In order for an application to use SGX to improve its security, it needs to be re-factored into trusted and untrusted components. Those trusted parts of an application can then be run inside one or more SGX enclaves. All memory associated with an enclave is encrypted at the hardware level within the CPU package. Additional memory access control checks enable code executing within an enclave to be opaque to other software, including other enclaves, regardless of privilege level. Likewise, data associated with code executing within an enclave is also opaque to other software (including the “untrusted” part(s) of the same application that set up the enclave(s)) regardless of whether the data is sealed using an enclave specific key and later stored on disk or kept in trusted memory. Thus, secrets protected by an enclave can be protected from tampering or theft from outside the enclave both during execution and at rest.
Hardened Private Keys with SGX
To support the Token Binding protocol the Client browser partitions its code base into trusted and untrusted portions. The trusted portion of the browser generates asymmetric key pair for each web server and securely signs the ‘tls_unique’ value using the private key.
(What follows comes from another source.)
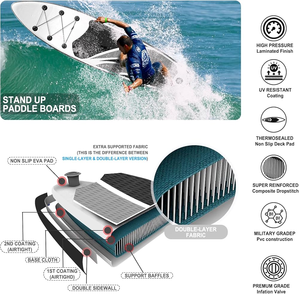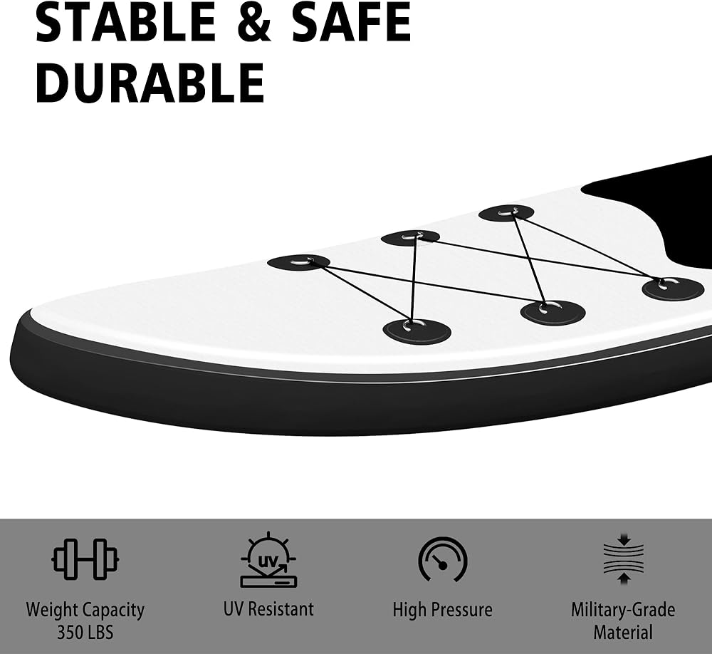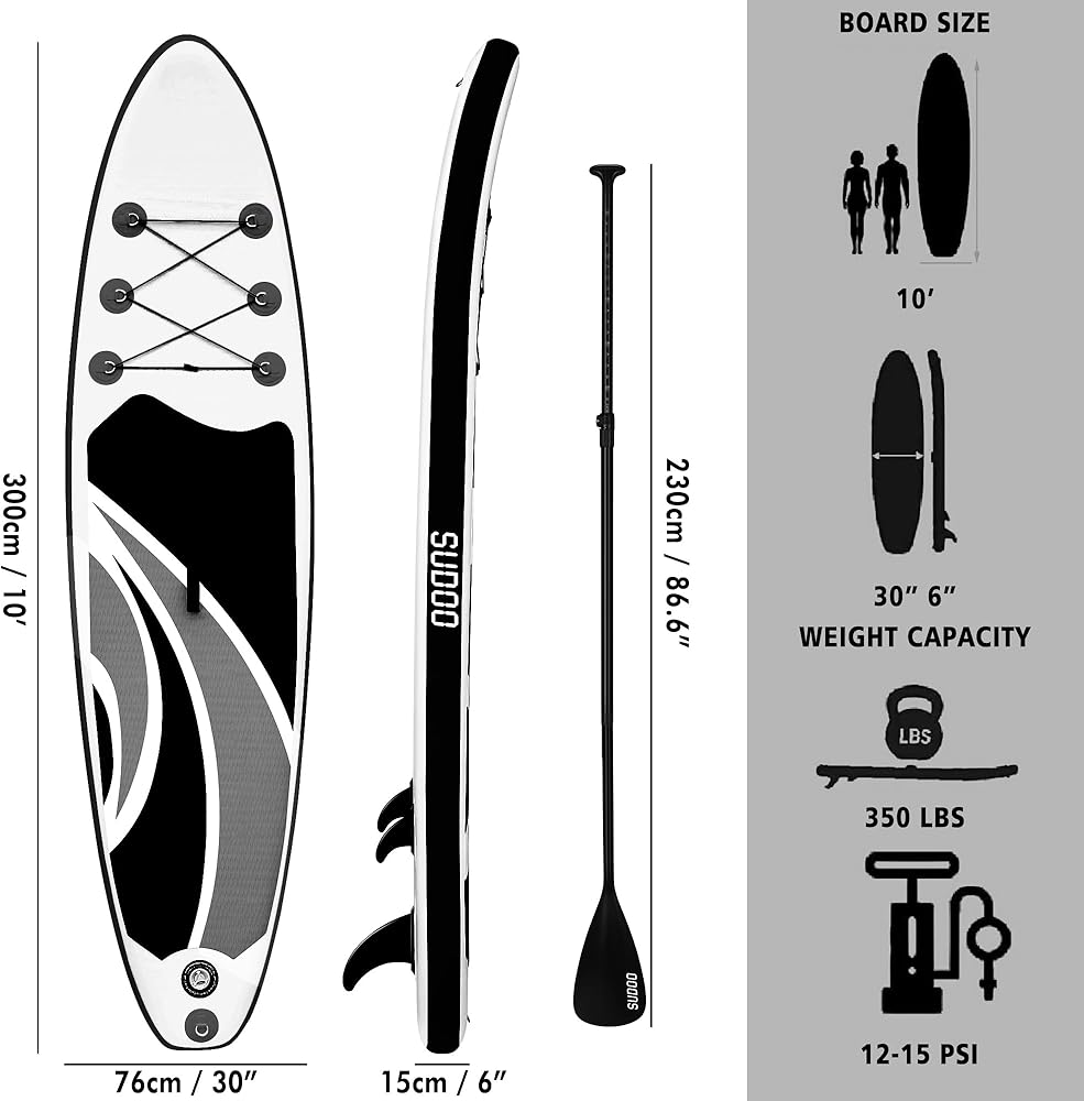 Wide and Lightweight Stand-Up Paddleboards: SUDOO Inflatable Stand Up Paddle Board measures 10.5' long 33" wide and 6" thick for improved stability and balance while standing. Paddle Board is made of the highest quality military grade material. Providing the most durable lightweight SUP Paddle Boards on the market. Perfect for Leisure Stand-up Paddle Board, Touring Paddle Boarding, for you riding the waves or practice a Stand Up Paddle Board. Maximum load-bearing capacity is up to 350 lbs.

This trusted code runs within a SGX enclave and the private keys are in encrypted form in main memory. Encryption of enclave code and data is performed using a memory encryption engine3 within the CPU package. The enclave code and data are resilient to bus and memory snooping attacks. Note that the enclave writer is responsible for taking care of software side channels that might be present in their implementation. The enclave operations are executed by the host CPU with minimal performance overhead, which eliminates the need for a co-processor. The untrusted portion contains the actual browser implementation and relies on the SGX enclave for the private key operations.
Chromium Source Patch in GitHub
An implementation of securing Token Binding private keys using Intel® SGX is available as reference code for Chromium4 browser at https://github.com/google/channel-id-enclave.5 Note that this implementation uses a predecessor of the Token Binding spec called "ChannelID".The repository contains source patches to the BoringSSL5 library as well as the Chromium browser that uses the SSL library for Token Binding. The Intel® SGX SDK to build and test the source patch can be downloaded for Windows at https://software.intel.com/content/www/cn/zh/develop/tools/sgx.html-sdk, and for Linux at https://01.org/intel-softwareguard-eXtensions.
- The IETF proposal for TokenBinding protocol is available at https://datatracker.ietf.org/doc/draft-ietf-tokbind-protocol.
- Intel® SGX Homepage: https://software.intel.com/content/www/cn/zh/develop/tools/sgx.html
- Intel® SGX Memory Encryption Engine: https://software.intel.com/content/www/cn/zh/develop/blogs/memory-encryption-an-intel-sgx-underpinning-technology.html
- Chromium is an open-source browser project that aims to build a safer, faster, and more stable way for all users to experience the web.
- Erica Portnoy is the author of the reference code that is available at https://github.com/google/channel-id-enclave
- BoringSSL is a fork of OpenSSL that is maintained by Google.